克拉拉·帕裏斯看著人行道上刻的兩行小字。“凱利先生與特裏爾先生,”她讀出名字,“這麽說這不是墓碑?凱利先生與特裏爾先生沒有埋在這兒?你瞧,伊莎貝爾,我跟你說過十幾遍了。”

“你沒有說過。”伊莎貝爾生氣地說。

“蓄意撒謊,”霍華德先生不耐煩地敲著手杖,“口才最高的作假。上帝啊,阿諾德先生,鮑爾斯先生,不許再這樣了,你們明白嗎?”

“明白了,先生。”男孩們嘟噥道。

“大點兒聲!”

“明白了,先生!”兩人又說一遍。

霍華德先生大搖大擺地快步走了。威廉·阿諾德站在原地,直到看不見老師,才說:“我希望小鳥在他鼻子上掉點兒帶味兒的東西——”

“來啊,克拉拉,來玩中毒遊戲。”伊莎貝爾期待地說。

克拉拉噘起嘴。“這遊戲被搞臭了。我要回家。”

“我中毒了!”唐納德·鮑爾斯大叫著倒在地上,開心地吐起白沫,“瞧,我中毒了!嘎啊!”

“哼。”克拉拉生氣地叫了一聲,跑了。

周六早上,霍華德先生朝前窗外瞥了一眼,正好看見伊莎貝爾·斯凱爾頓在他房前的路邊上拿粉筆畫符號,然後在上面跳來跳去,還哼著簡單的歌。他咒罵一聲。

“停下!”

他沖出去,在情感的驅使下差點兒把對方丟到馬路上。他揪住她,用力搖晃,然後松開手,審視她和地上的粉筆符號。

“我只是在玩跳房子。”她手捂著眼睛哭道。

“我才不管,你不能在這兒玩。”他彎腰用手絹抹去粉筆符號,咕噥道,“小巫師。五芒星陣。咒語。一切看起來全然無辜,上帝,多麽無辜。你這小惡魔!”他佯裝要打她,但收手了。伊莎貝爾大哭著跑開。
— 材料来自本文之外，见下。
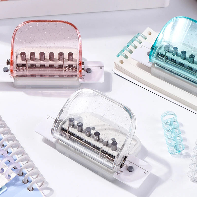 6 hole punch: Desk storage, ideal for binding notebooks and documents, quick positioning of holes, manual binding supplies

“快走,你這小蠢貨!”他瘋狂尖叫,“滾,告訴你的小同夥你們失敗了。他們得嘗試別的方法!他們對付不了我,不行,噢,不行!”

他大步回到房子裏,給自己倒了一杯烈性白蘭地,一飲而盡。這天余下的時間他始終能聽見孩子們在外面玩耍——踢罐子、捉迷藏、抓子遊戲、打彈珠——每株灌木、每片樹蔭下都有小怪物的聲音,讓他無法休息。“再過一周這樣的日子,”他想,“我就會徹底瘋了。”他擡手用力一拍疼痛的腦袋。“上帝啊,我們為什麽不能生下來就是大人?”

接著,又一周過去了。怨恨在他與孩子們之間愈演愈烈。恨意與恐懼飛速增長。緊張,無緣無故、突如其來的暴怒,之後——靜靜等待,孩子們偷蘋果時爬樹的樣子,看他的眼神,秋天籠罩在小鎮上的憂郁感,越來越短的白晝,越來越長的黑夜。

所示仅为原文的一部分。